PSYCHIC MADAM MYSTIC MISTY MERKEL PREDICTS JULY 2012


Madam Misty Merkel
Northern Michigan is preparing for the 4th of July but I am preparing for a real revelation.  It seems that a certain person is trying to get through from the other side in order to visit me and I believe it might be Elvis.  I think he wants to go dancing with me again.  The last time he came through was when I tried to contact Michael Jackson.  Anyway, Elvis showed up at my trailer and took over the body of  this heavy set boy I know named Gerrard.   Now Gerrard is none too pleasing to look at but with Elvis’s personality it was inevitable that we would go out on a date and go dancing.

I will tell you now that dancing with the king was wonderful.  I didn’t even recognize that it was Gerrard’s body that I was dancing with because the king himself is beyond  worldly things like looks and is in fact, just a  plain  phantom of sheer glamour.

Anyway, I predict that the month of July will be a fairly nasty month in terms of weather, politics and money so, just hang tight because the king is coming back and he dresses up well in any fashion and in any times.  And,  just always remember “For my darling I love you and I always will.”

Friday, June 16, 2017

TRUMP WIN PREDICTED IN MARCH 2016 BY MERKEL

By Psychic Mystic Madam Misty Murky Merkel

Yesterday I asked my Petoskey stones "who is going to be the next president of the United States?"  After I asked my stones the question I lit some incense I bought from a local Michigan Incense Dispensary and drank a bottle of wine while I waited for the spirits of the stones to answer my question.  It took about an hour then, suddenly, I fell into a deep trance and had a vision. 

Now, in my vision I pictured a large St Bernard crossing a river called the Rubicon.  And, after the St.
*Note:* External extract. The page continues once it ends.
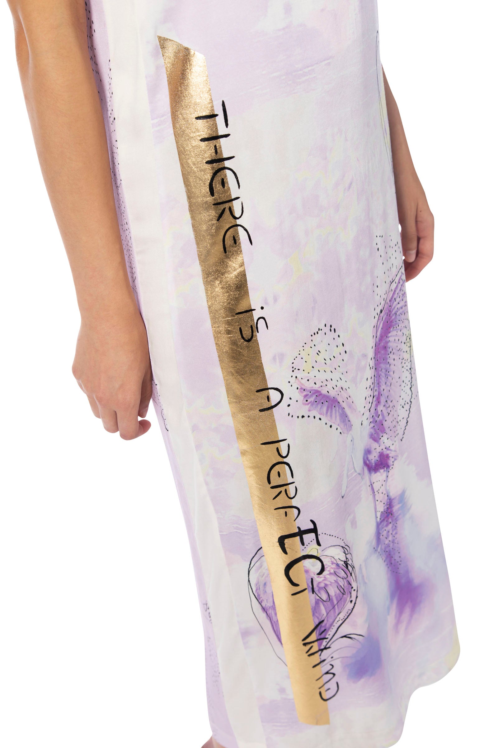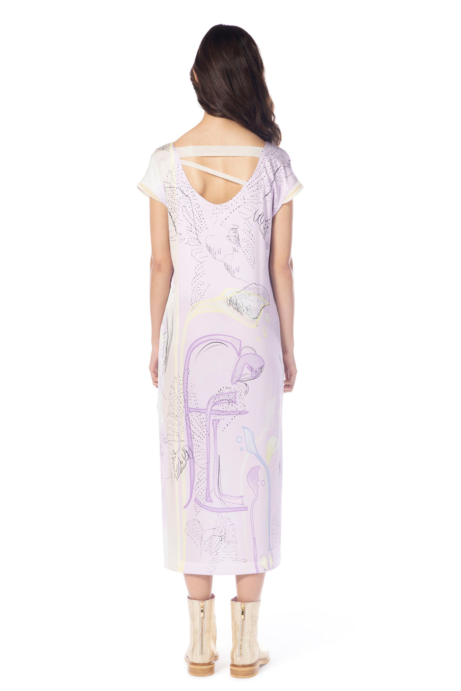 Discover the stunning calf-length dress from ELISA CAVALETTI in various shades of purple with gold stripe trim. Its unique design adds a touch of elegance and style to any occasion. Let yourself be enchanted by the beauty of this dress and turn heads wherever you go!

Bernard crossed this river he got into an expensive American Motors sports car called a Matador and sped up a very large, steep hill.  About halfway up this hill the St. Bernard put his car on cruise control and then the big old dog started barking "Trump, Trump, Trump, Trump, Trump, Trump..." until finally, the St. Bernard swerved off the side of the road and went crashing down toward the bottom of the hill and all the while the dog was still barking "Trump, Trump, Trump, Trump, Trump...".  


Then, I woke up from my trance and found myself lying on my back on top of my trailer looking up a sky full of stars.  Now, all this would have been strange enough except that this little chipmunk hopped up on top of my foot and then ran all the way up my body to my nose where he stopped and looked me straight in the eye and asked, "Do you have any more of that incense?  I and my friends have been watching you for the last four hours and we'd kind of like to join your party.  The squirrels offered us some rotten old decomposed acorns to burn for incense but, the acorn incense just gives us headaches and make our noses run."

Thursday, June 1, 2017

PSYCHIC PREDICTIONS, WARTS AND FARIES

By Psychic Mystic Madam Misty Murky Merkel
Associate Part-time Contributor,
Humor News Nuts Online Publications

I hate to say it but I'm predicting that this month will be terribly hot and dry in Northern Michigan.  I am recommending that everyone should take it easy until Labor Day is over and then maybe this heatwave will finally end.  And, once this heatwave ends then you can go back to flipping burgers, or washing windows or building nuclear weapons to sell to unstable governments like in the U.S. or U.K.   Whatever your line of work, it will be a lot easier to do it once the weather cools down.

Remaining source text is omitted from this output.